■ TASK TO COMPLETE:
Write out each line of the listing as it stands, without the images.

DATA BLOCK below:

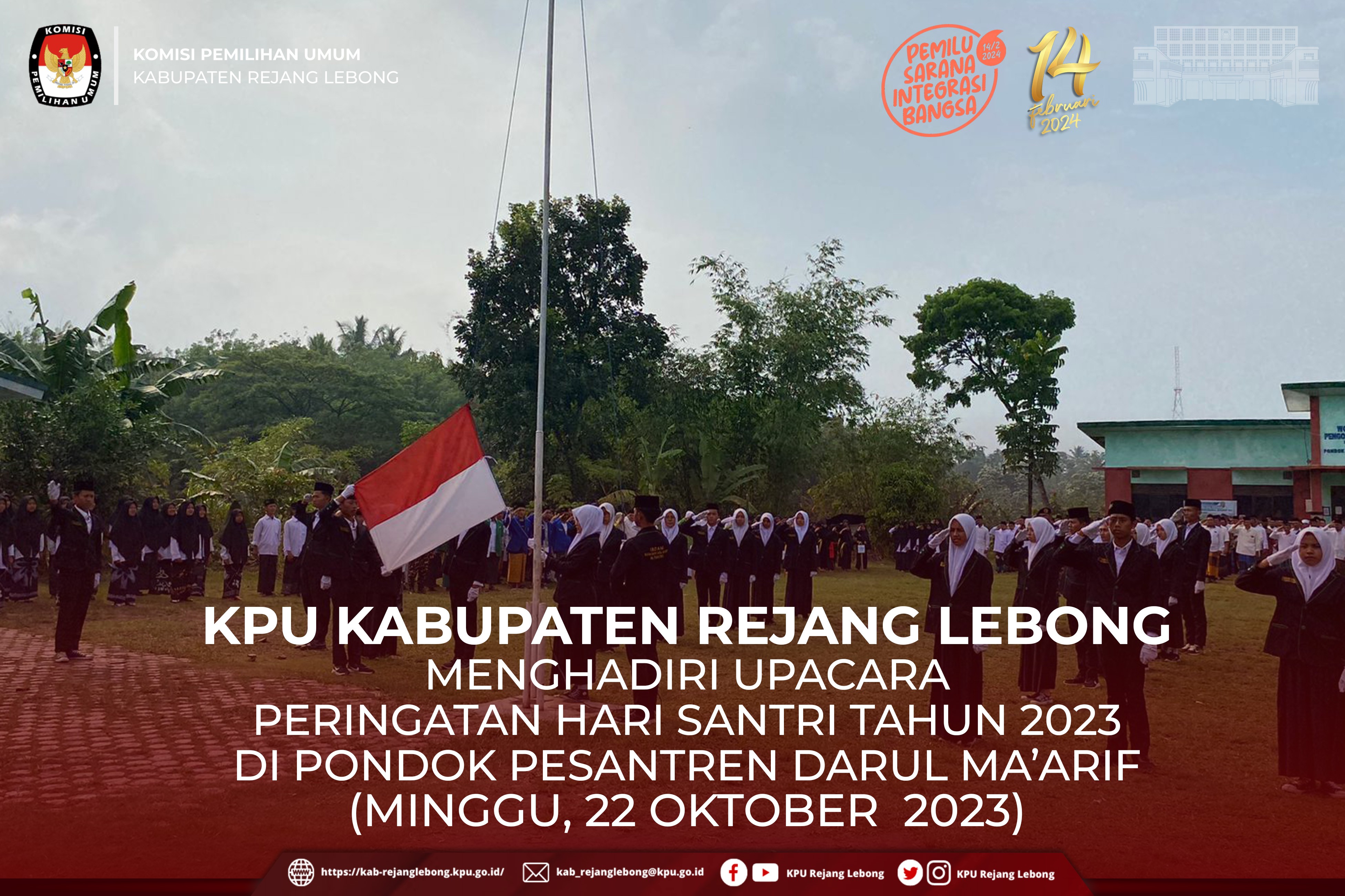 #TemanPemilih, Ketua KPU Kabupaten Rejang Lebong Ujang Maman beserta Anggota KPU Kabupaten Rejang Lebong Buyono dan Muhammad Anas Kholiq, menghadiri Upacara Peringatan Hari Santri Tahun 2023 di Pondok Pesantren Darul Ma'arif Kecamatan Curup Utara, Minggu (22/10) Pagi.
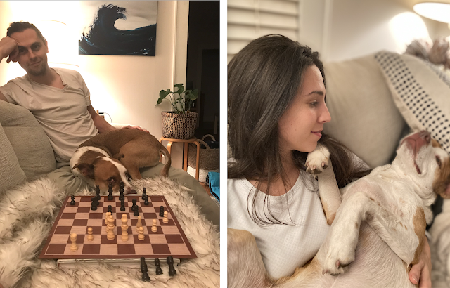 Brett continues to work from home most days and exercise in the garage most evenings. He's become addicted to sparkling water, started reading about five different books at the same time, and taken to watching construction tutorial videos on Youtube. We walk the pups and watch movies and cook dinners with strange spices to see if we stumble upon greatness. The other day I had him make up a spice blend for a pork tenderloin while blindfolded and his giggles were contagious.
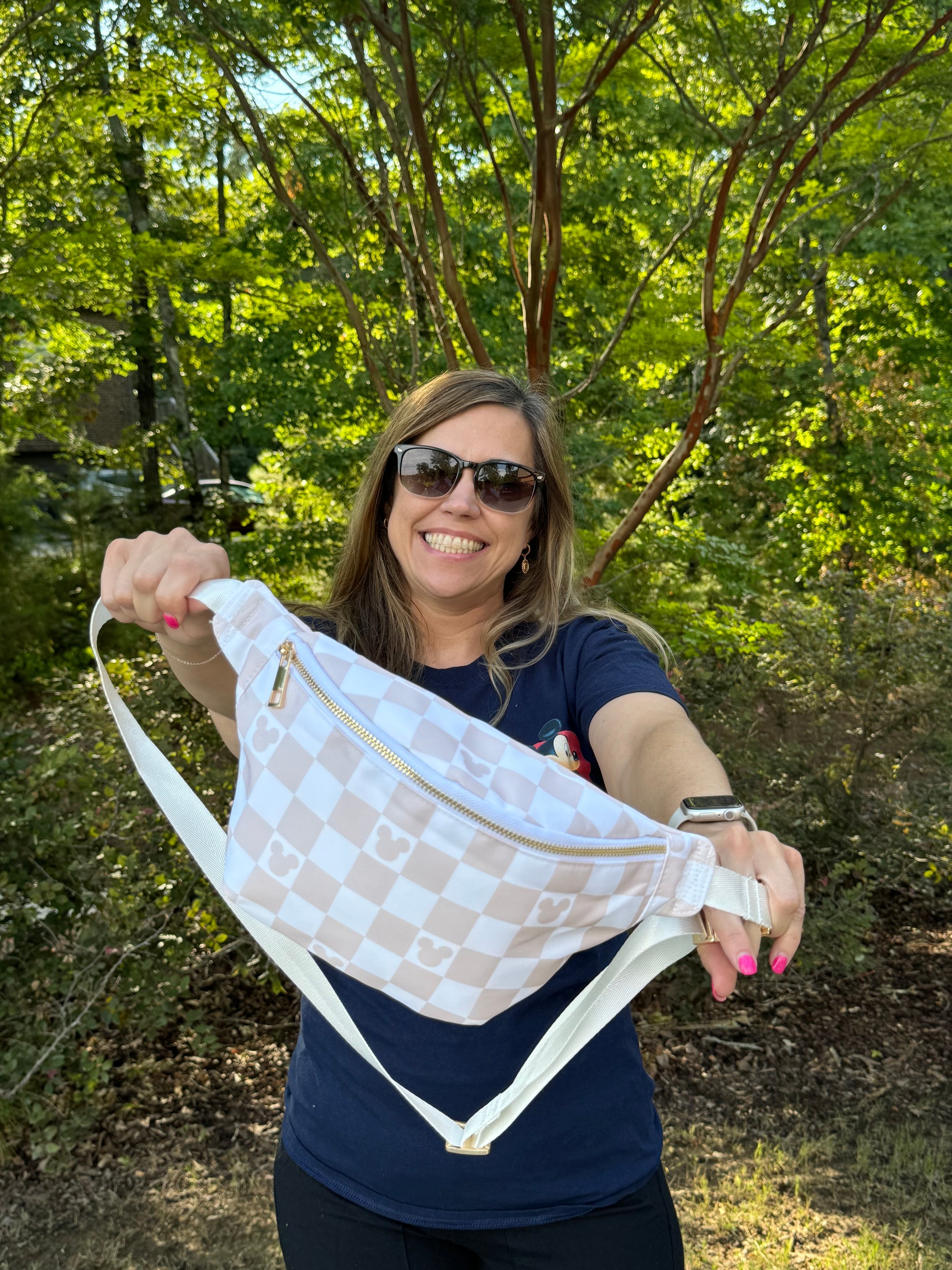 Available fanny pack colors are Black/White, Multi, Tan/White or Magical Characters

End of DATA BLOCK.

■ FINISHED EXERCISE:
 #TemanPemilih, Ketua KPU Kabupaten Rejang Lebong Ujang Maman beserta Anggota KPU Kabupaten Rejang Lebong Buyono dan Muhammad Anas Kholiq, menghadiri Upacara Peringatan Hari Santri Tahun 2023 di Pondok Pesantren Darul Ma'arif Kecamatan Curup Utara, Minggu (22/10) Pagi.
 Brett continues to work from home most days and exercise in the garage most evenings. He's become addicted to sparkling water, started reading about five different books at the same time, and taken to watching construction tutorial videos on Youtube. We walk the pups and watch movies and cook dinners with strange spices to see if we stumble upon greatness. The other day I had him make up a spice blend for a pork tenderloin while blindfolded and his giggles were contagious.
 Available fanny pack colors are Black/White, Multi, Tan/White or Magical Characters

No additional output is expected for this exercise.